One of the most intriguing perspectives on Internet speed comes from Michael Ritter, the former CTO of San Jose-based Metricom Inc. His company developed the Ricochet wireless modem, which provided Internet connections at 128 KBPS or greater to about 51,000 users throughout the United States. Devotees loved it -- but the company stretched itself too thin in its effort to build a nationwide network and was forced into bankruptcy this past summer.
"We had a huge retail following," Ritter recalls. "Engineers who installed the service liked it so much that they often ended up buying our stock. Near the end, we figured out how to double our speed, to 256 KBPS, just by changing the software. And we had ideas in the lab that would have made it 10 times as fast. We just misread the signals from Wall Street. We spent almost all of our money on a national expansion plan when we should have stayed in a few markets and grown more slowly."

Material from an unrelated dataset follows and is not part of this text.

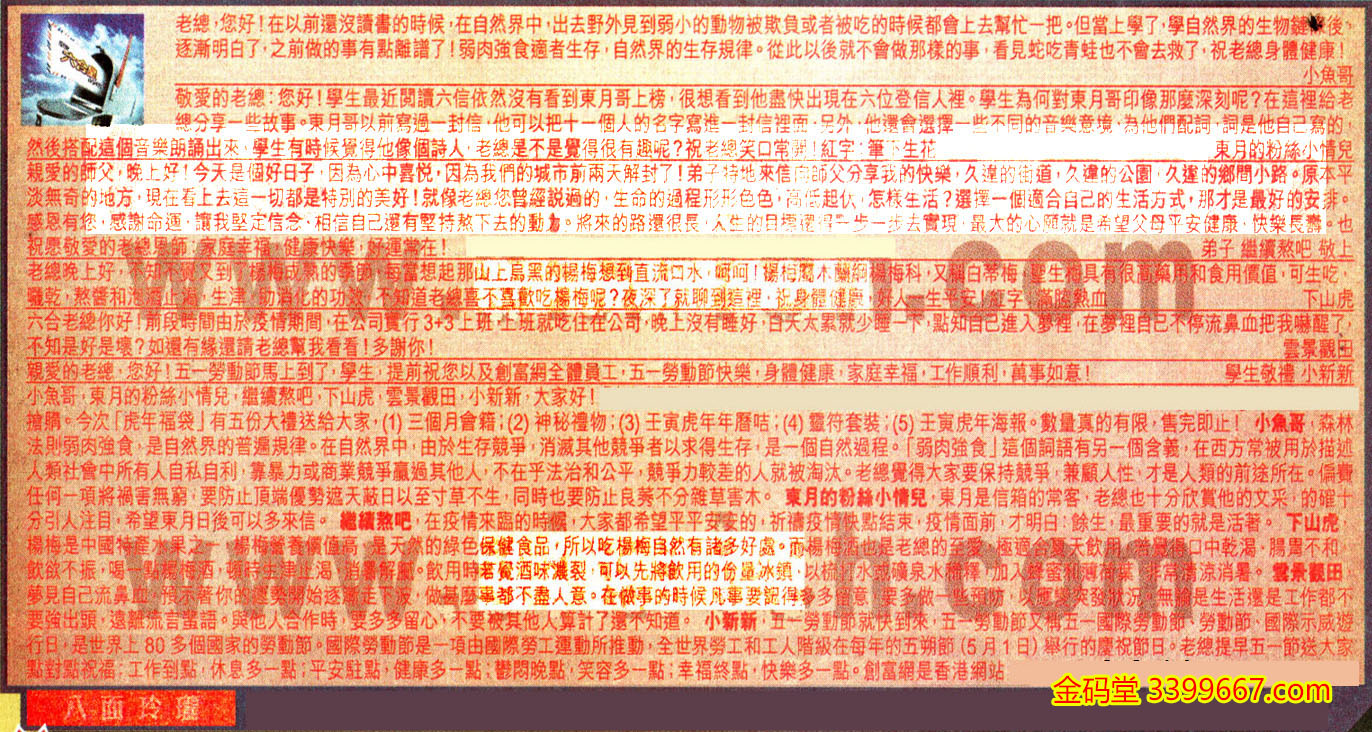 【2】.敬爱的老總:您好!學生最近閱讀六信依然沒有看到東月哥上榜,很想看到他盡快出現在六位登信人裡。學生為何對東月哥印像那麼深刻呢?在這裡給老總分享一些故事東月哥以前寫過一封信,他可以把十一個人的名字寫進封信裡面 ,另外 ,他還會選擇一些不同的音樂意境 ,為他們配詞 ,詞是他自己寫的,然後搭配這個音樂朗誦出來,學生有時候覺得他像個詩人,老總是不是覺得很有趣呢?祝老總笑口常開!紅字:筆下生花  束月的粉絲小情兒

Plenty of other innovators are grumbling about the fickleness of the financial markets. For a while, Wall Street's best thinkers encouraged even the most audacious, pell-mell spending plans -- and then investors abruptly stopped tolerating big losses in the name of growth.
But there's an old-time Wall Street saying that captures the current situation with eerie precision. "You're never wrong," the stock-market adage goes. "You're just early."